ARTICLE 8: PRESENTATION

The Buyer may trade in the products supplied by A-A only with the figurative mark, trademark, trade name and specifications with which the products have been supplied to the Buyer. The Buyer may resell the products only in the same packaging, along with any accompanying information leaflets. The Buyer may not use A-A’s figurative mark, trademark, trade name or A-A’s specifications for the trade in products other than A-A products, and the Buyer may not create the appearance to its resellers that third-party products are A-A products.

ARTICLE 9: FORCE MAJEURE

  1. A-A is not under an obligation to perform the agreement if and for as long as A-A is prevented or hindered from performing the agreement due to an event of force majeure, i.e. circumstances beyond the control of A-A, whether foreseeable or otherwise, including in any case circumstances that affect the production of the products to such an extent that the agreement can only be performed with delay or in part or cannot be performed at all, as well as domestic and foreign government measures and regulations, such as transport, import, export or production bans and circumstances such as a war or similar circumstances, breach or non-performance by suppliers and/or carriers, strikes, boycotts, unfavourable weather conditions, fire and explosion. In case of force majeure, A-A cannot be held liable for non-performance of the agreement.
  2. In case of force majeure, A-A may modify the terms and conditions of the agreement, suspend performance of the agreement or terminate the agreement by giving written notice to that effect, without being liable to pay any compensation. In case of force majeure, A-A must inform the Buyer as soon as possible whether it suspends performance of or cancels the agreement, or on what conditions (in particular with respect to delivery periods, quantities to be supplied and prices) A-A will perform the agreement. The agreement will be deemed to have been amended in accordance with the modified terms and conditions notified by A-A to the Buyer, unless A-A receives a written response to the contrary from the Buyer within 15 (fifteen) days of the date of its notification, in which case the agreement is deemed to have been cancelled with effect from the date on which A-A receives the aforesaid response from the Buyer.

ARTICLE 10: ASSIGNMENT

A-A has the right to assign the rights and obligations under an agreement to a company affiliated to A-A, and the Buyer agrees to such assignment in advance, unless the Buyer proves that its interests are materially prejudiced by such assignment. A-A will notify the Buyer of any such assignment in writing.

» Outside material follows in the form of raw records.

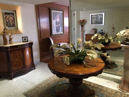 Departamento para actualizar en venta de los grandes en Palmas Corinto. Bonita vista y buena orientación. Piso alto. Pisos de madera, mármol y alfombra en recámaras. Persianas enrollables. Estancia amplia separada del comedor. Family ( que podría convertirse en una cuarta recámara) que se puede integrar a la estancia o al área habitacional. Tiene puerta corrediza. Recámara principal con vestidor, closet y baño. Segunda recámara con closet y baño. Tercer recámara con Closets y baño afuera. Cuenta con medio baño de visitas. Muchos Closets para guardar. Desayunador independiente de la cocina. Lavandería , cuarto de servicio. Bodega de 10 y aprox ubicadas en el garage. 2 lugares de estacionamiento. Jardín común grande. Salón de eventos y pequeño gimnasio. Vigilancia las 24 horas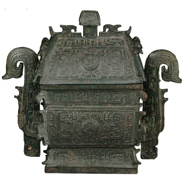 Бронзовый квадратный кувшин для вина Ли. На нем написано, что правитель Чжоуотдал приказ присвоить титул мастеру по изготовлению посуды господину Ли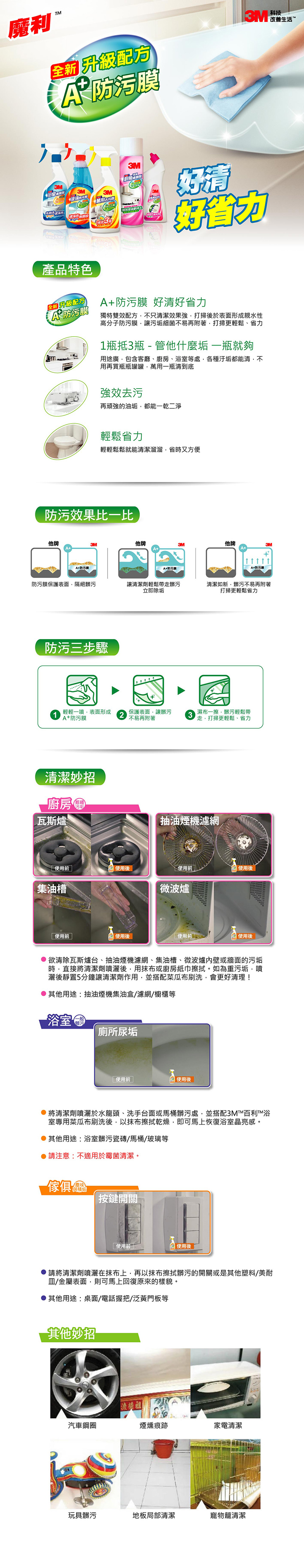 全新配方,A+防污膜,好清好省力。一瓶抵3瓶,管他什麼垢,一瓶就夠。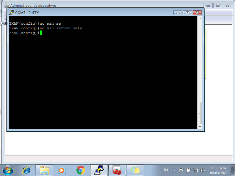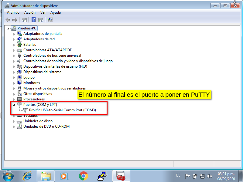 2 Debe verificar en que puerto COM se ha conectado la OLT. Para ello debe ingresar al Administrador de dispositivos de Windows y ubicar la parte de Puertos (COM Y LPT). Ahi se mostrará en que puerto se ha asignado. Para este ejemplo, fue en el puerto COM3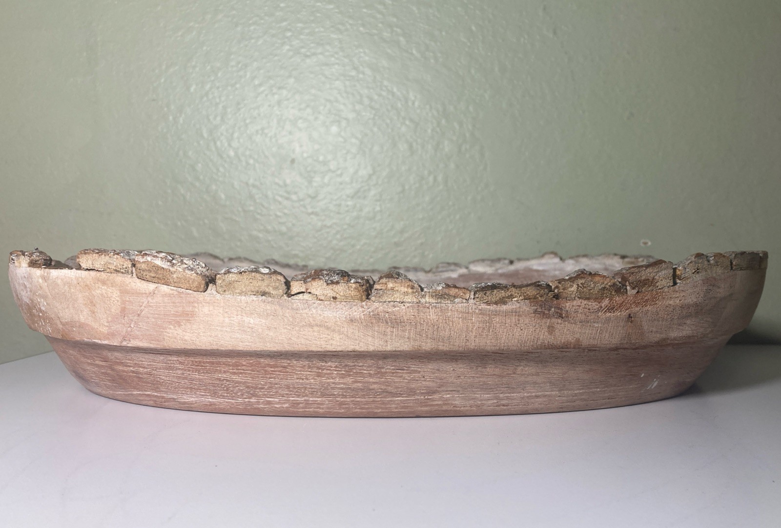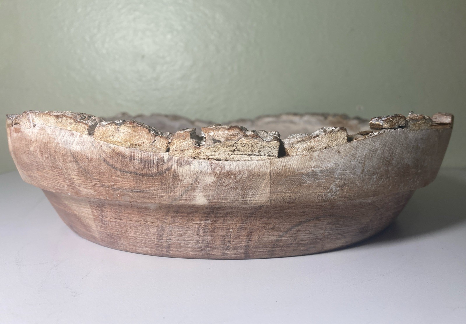 • Rustic Hand-Carved Wooden Bowl with Natural Edge Farmhouse Decor Centerpiece
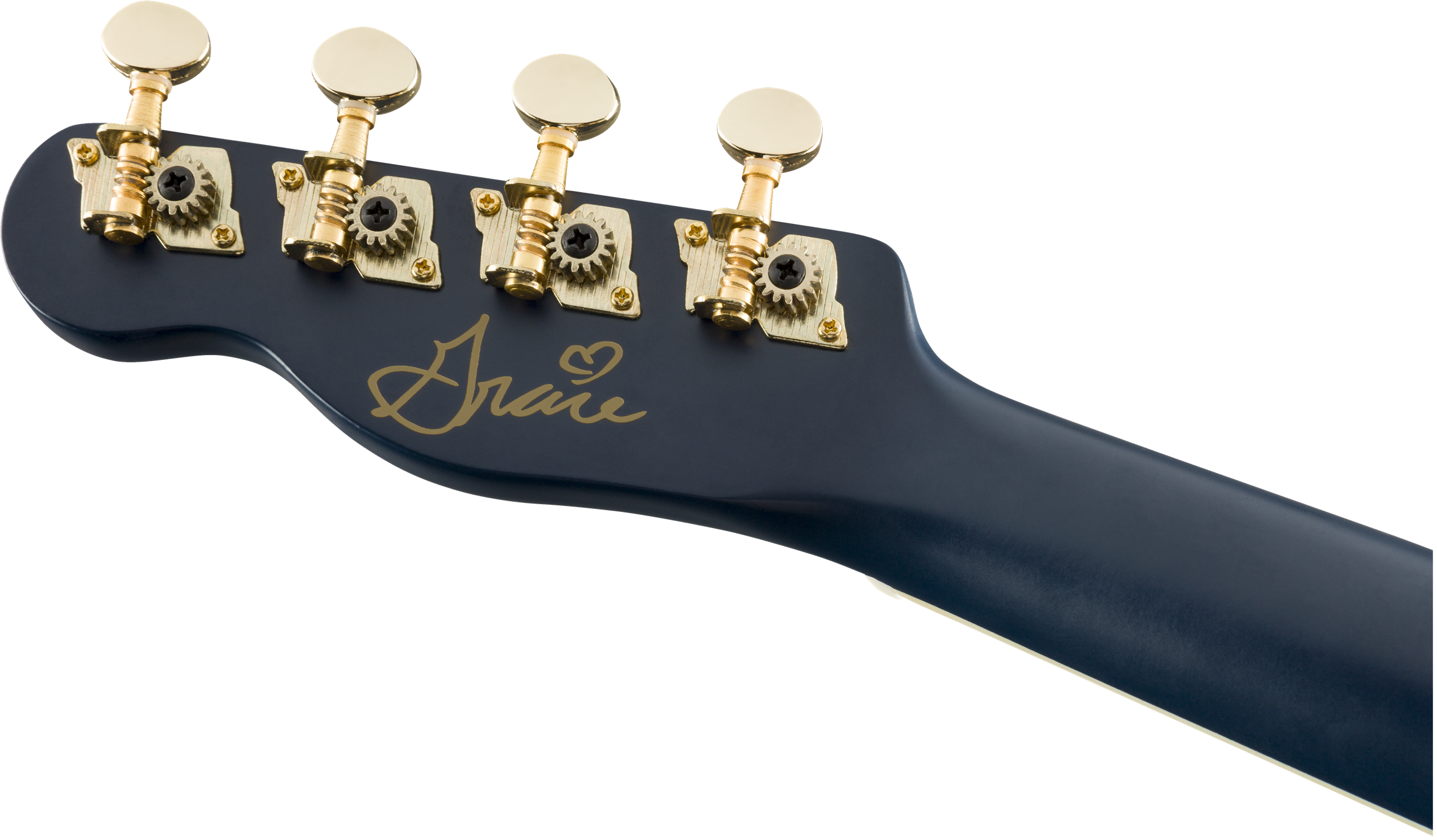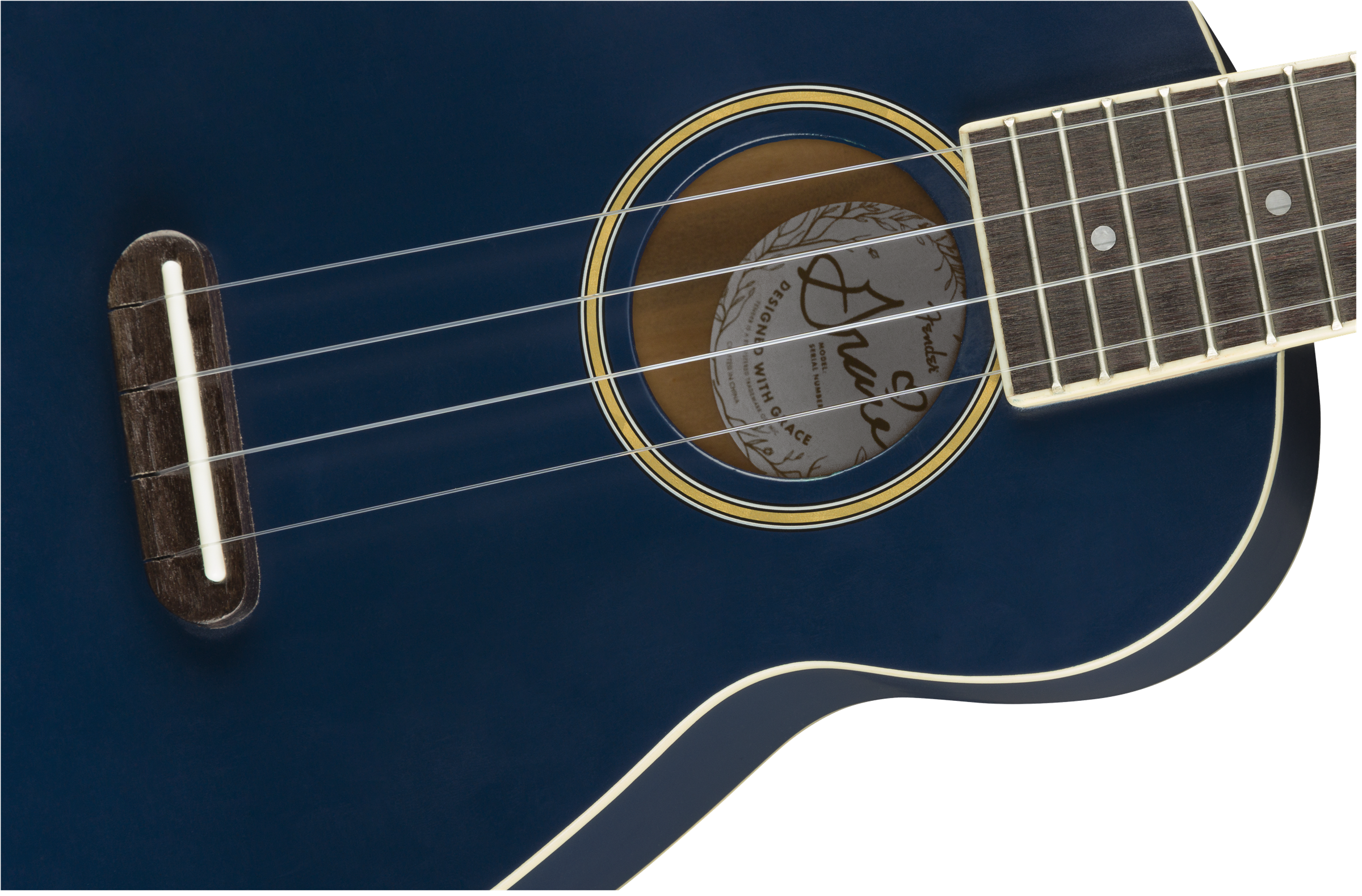 Inspired by the soprano ukulele that accompanied Grace VanderWaal as she learned to play, the Grace VanderWaal Moonlight Soprano Ukulele is a marvelous introduction to this easy-to-play instrument. With its comfortable smaller body, enticing sound and stage-ready features, the Grace VanderWaal Moonlight Soprano Ukulele is the perfect partner for her music. Reflecting Grace’s “Boho Chic” style, this ukulele features an elegant, stylish Navy Blue satin finish, gold sparkle rosette, gold hardware, custom floral soundhole label inspired by the album art from her debut release, Just The Beginning, and Grace’s distinctive heart signature adorning the back of the headstock.

ARTICLE 11: GOVERNING LAW; COMPETENT COURT

  1. All agreements between A-A and the Buyer and any legal relationships arising therefrom are governed by the laws of the Netherlands.
  2. Any disputes arising from or in connection with the agreement will be submitted to the exclusive jurisdiction of the competent courts in the court district of Zwolle. A-A also has the right to submit disputes to the jurisdiction of other competent courts in or outside the Netherlands.